PPIs have been reported to increase the risk of pneumonia in various disease populations.[9-12] Several mechanisms have been proposed to explain how PPIs contribute to pneumonia. A high gastric pH value reduces the elimination of ingested pathogens because gastric acid is a critical barrier against pathogen invasion, thereby predisposing patients with stroke to pneumonia after aspiration.[7,8] Additionally, PPIs have been demonstrated to impair leukocyte function.[30] The impact of the aforementioned adverse effects is likely to be significant in patients with stroke because of easy aspiration and immunodepression. However, data on the association between PPIs and SAP is limited. Ran et al observed that PPI usage as a prophylactic treatment of stress-related mucosal damage was associated with a higher incidence of nosocomial pneumonia in patients with intracerebral hemorrhagic stroke.[31] Several recent studies have reported that the association between PPI usage and pneumonia may be confounded.[32] Sarkar et al observed that PPI therapy initiated within 30 days after hemorrhagic stroke diagnosis was associated with an increased risk of community-acquired pneumonia but not with long-term usage.[33]
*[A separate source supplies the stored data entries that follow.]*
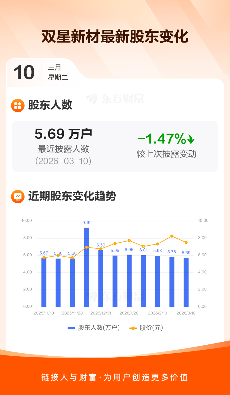 双星新材最新披露数据显示,截至3月10日公司股东户数为5.69万户,较上期(2026年2月27日)减少852户,降幅为1.47%。户均持有流通股数量由上期的1.53万股上升至1.56万股,户均持股金额由上期的12.61万元减少至11.65万元。
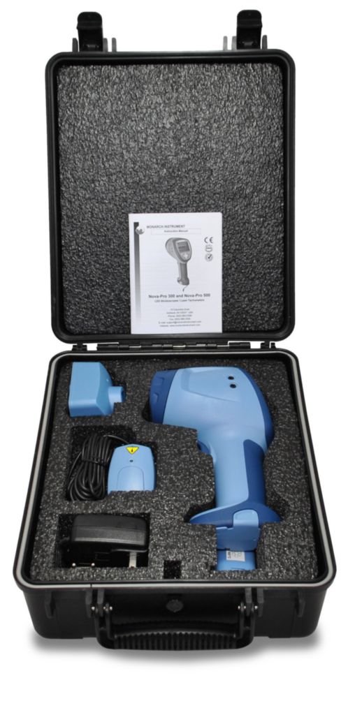 Nova-Pro 500 Kit^ Nova-Pro 500 Stroboscope kit, includes: integral laser module with remote dock, (2) standard Li-ion battery packs, battery charging station with interchangeable wall plugs, NIST certificate and operation manual, deluxe water tight latching carry case, Tachometer Mode: 0-999,999RPM
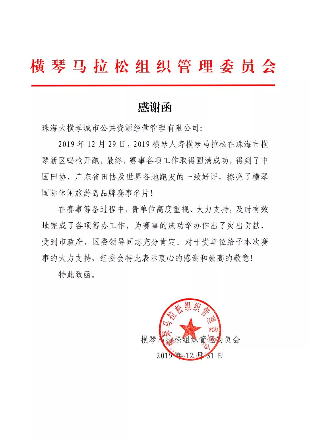橫琴海關就優質服務質量贈與二線通道管理中心錦旗及感謝信
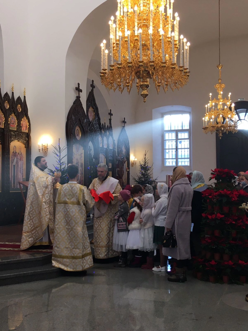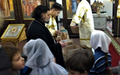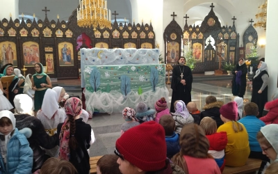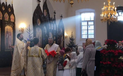 Перед причащением Святых Христовых Таин отец Роман обратился к маленьким прихожанам Благовещенского собора с пастырским словом и поздравлением с Рождеством Христовым. По окончании Богослужения, игумен Александр, настоятель Благовещенского собора вручил всем детям сладкие подарки и пригласил всех присутствующих ребят и их родных к просмотру спектакля, подготовленного детской воскресной приходской группой Благовещенского собора, в основе которого легли реальные события, предшествующие написанию знаменитого Рождественского гимна «Тихая ночь».
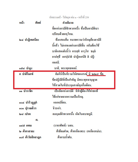 แม้ในคำอธิบายท้ายเล่มวินัยมุข ท่านก็เขียนไว้ชัดว่า ปาติโมกข์ที่ทรงให้สวดทุกกึ่งเดือนมี ๒๒๗ ข้อ
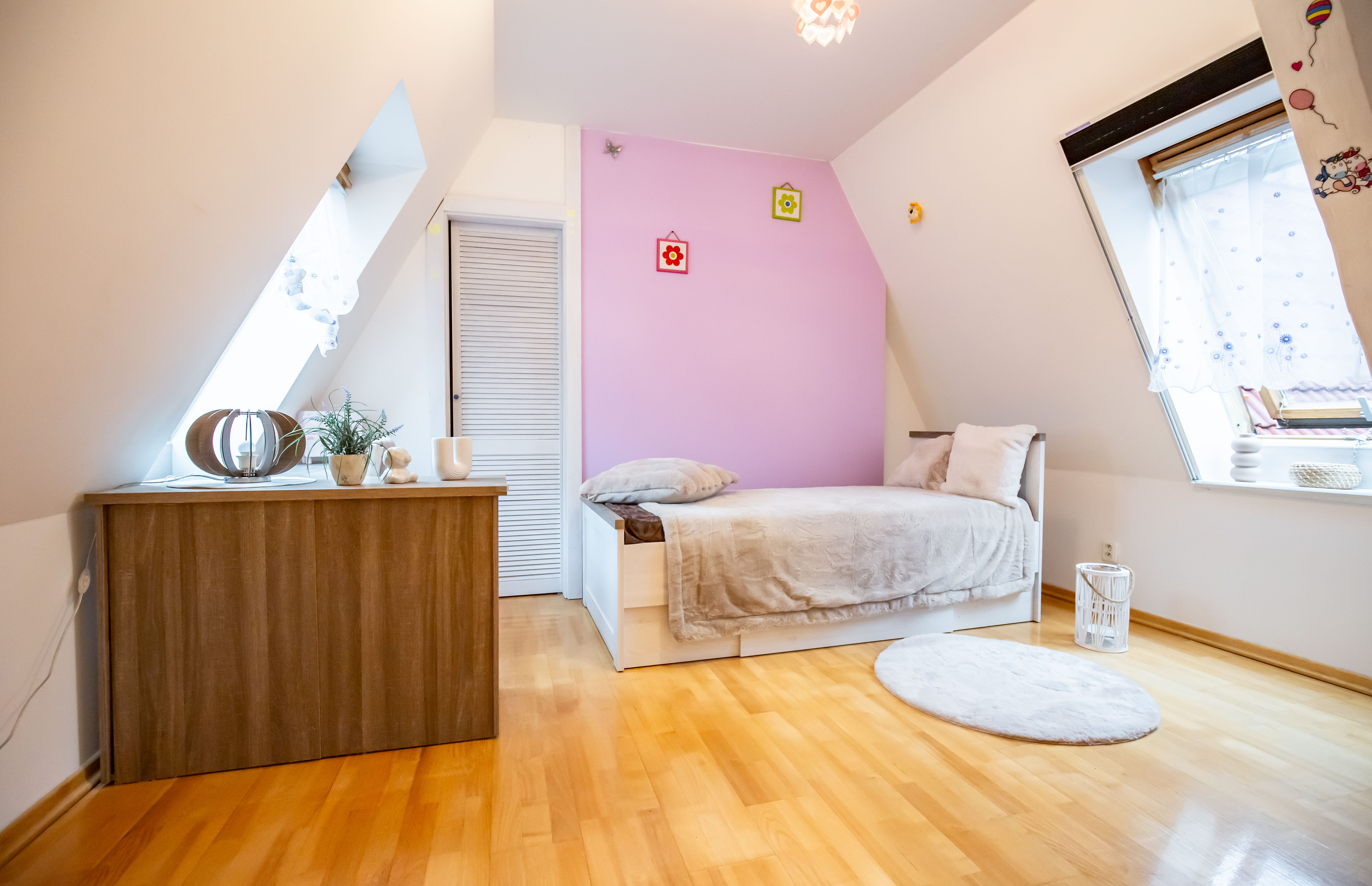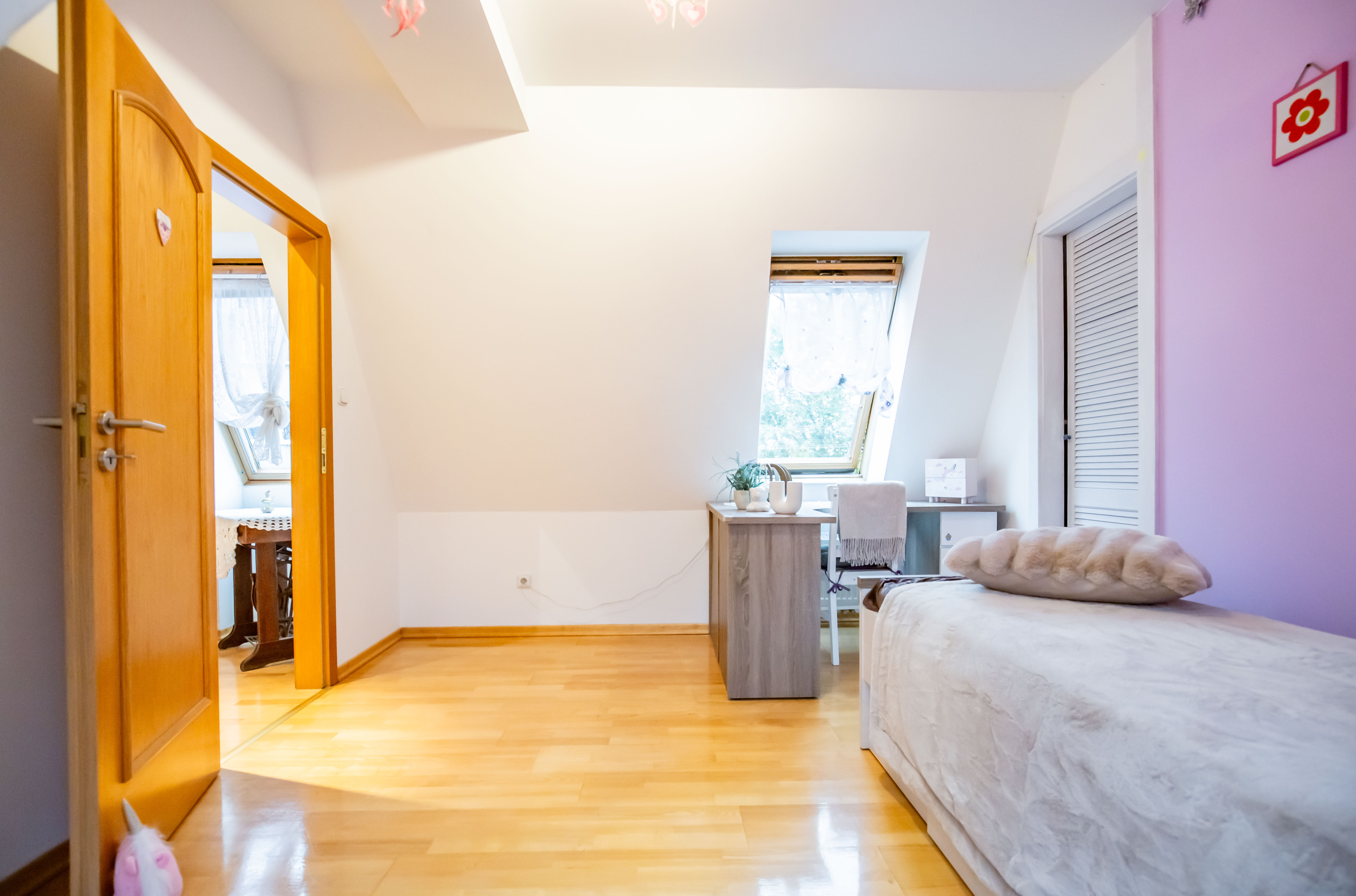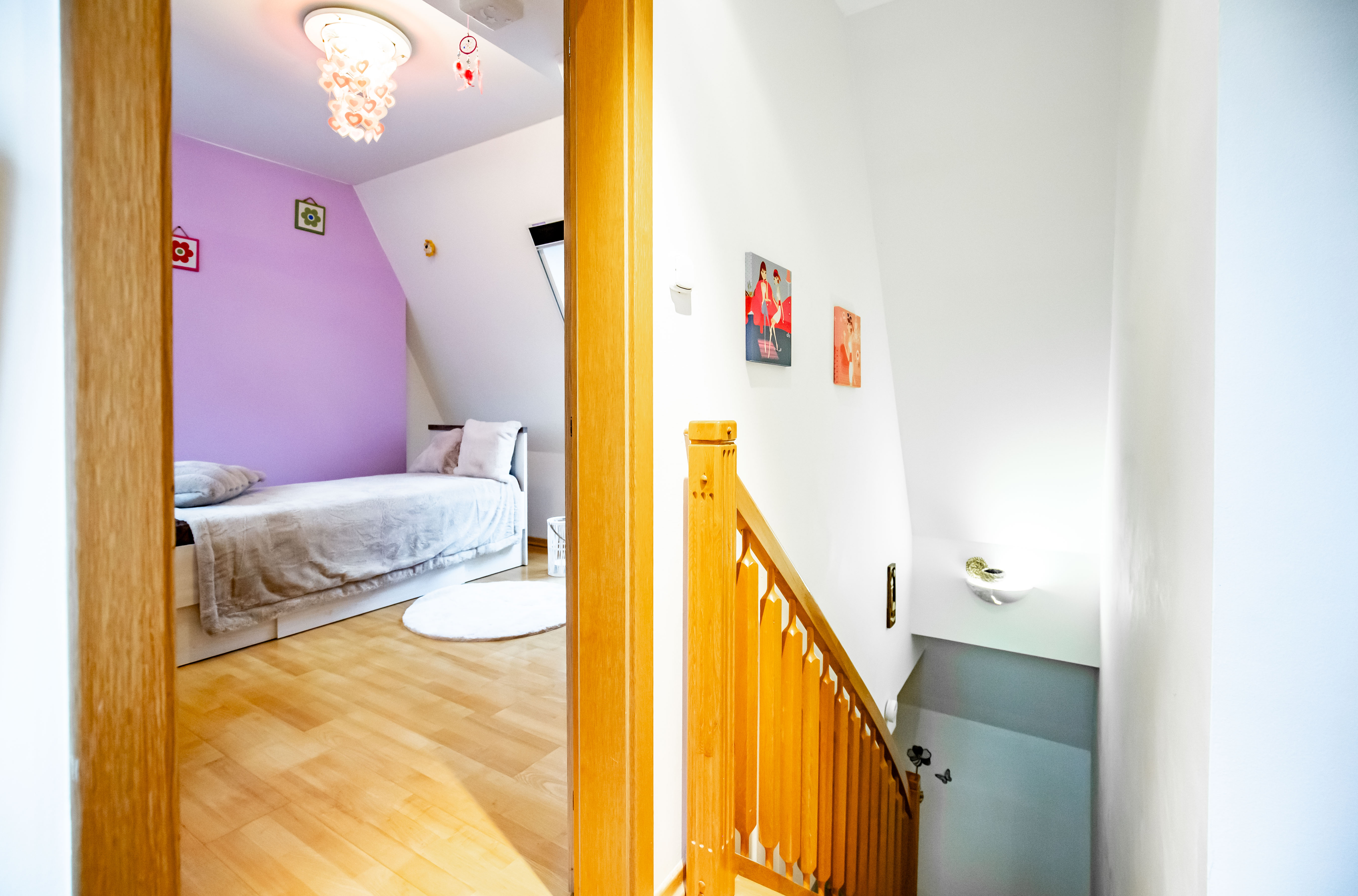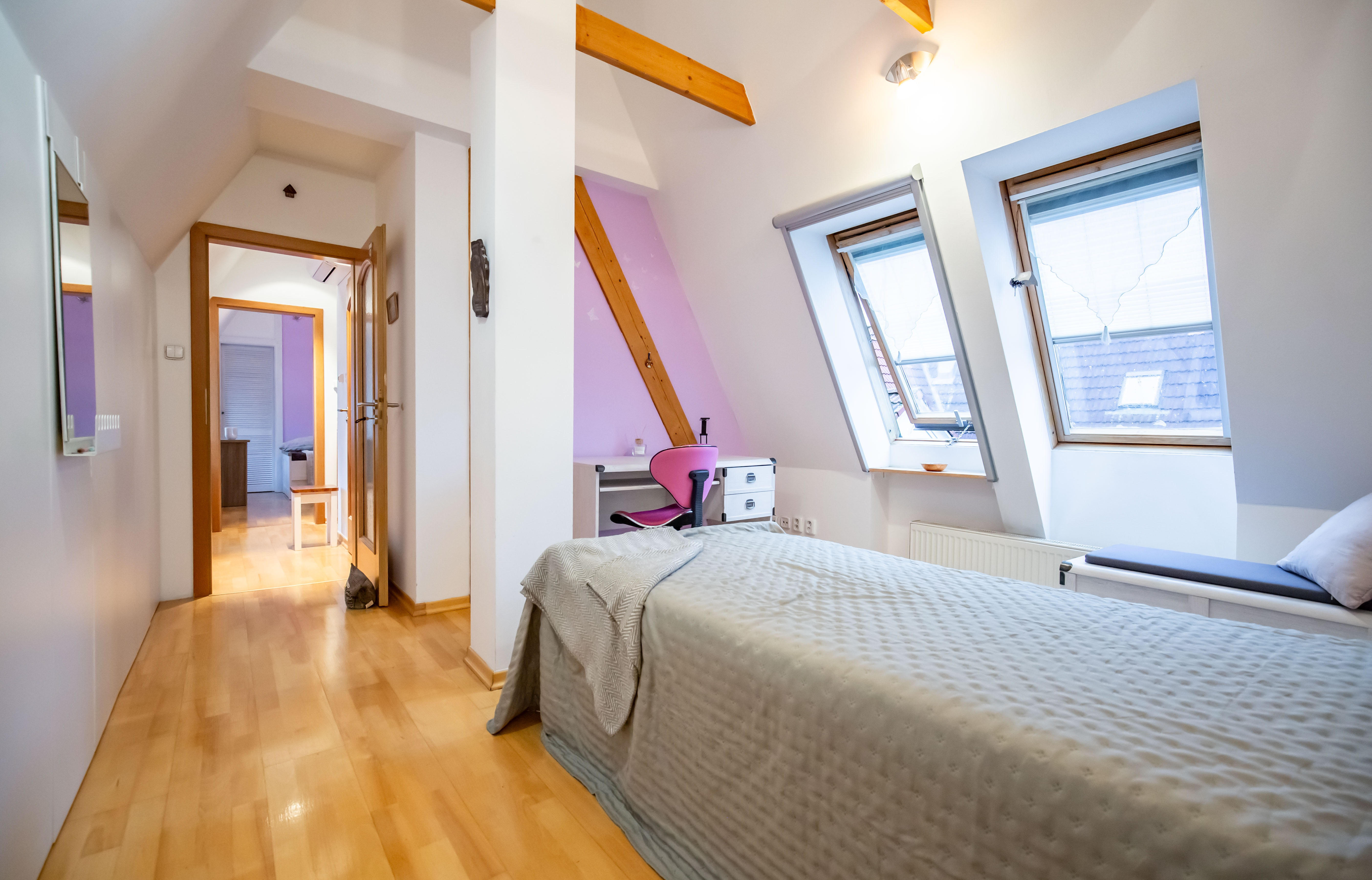 2.podlažie (40 m2): 2 detské izby, jedna aj so šatníkom, kúpeľňa so sprchovacím kútom, WC, bidetom a 2 umývadlami.

In our study, we observed a small increase in the risk of chronic SAP on PPI usage. However, the effect was stronger for combined PPI and H2RA usage. Therefore, physicians should exercise caution when prescribing acid-suppressive drugs to stroke patients. Limitations of our study should be considered. First, clinical parameters, such as scores of the Glasgow Coma Scale, National Institutes of Health Stroke Scale, and Modified Rankin Scale, of the patients with stroke were unavailable. Patients with a higher stroke severity and lower level of consciousness may have higher infection rates. To overcome this bias, we adjusted the potential stroke severity confounders by using ICD-9-CM codes for hemiplegia or paraplegia, aphasia, and unconsciousness for analysis. Second, the database does not include information on patient compliance with over-the-counter PPIs. Thus, the effects of PPIs usage may have been underestimated. Third, there were significant differences in baseline characteristics between those exposed and those unexposed to acid-suppressive drugs. Compared with those never exposed to acid-suppressive drugs, users of acid-suppressive drugs were generally less healthy. To overcome this potential bias, all factors that were different in the control group were adjusted for the subsequent analysis. Forth, several potential lifestyle confounders associated with pneumonia, such as smoking, body weight, and poor dental hygiene, are not included in this database.

CONCLUSIONS

In this large population-based study, acid-suppressive drug usage was associated with a slight increase in the risk of SAP. Moreover, a positive relationship was observed between PPIs and the risk of chronic SAP but not between PPIs and the risk of acute SAP. Therefore, physicians should exercise caution when prescribing acid-suppressive drugs to patients with stroke, particularly PPIs for patients with chronic stroke.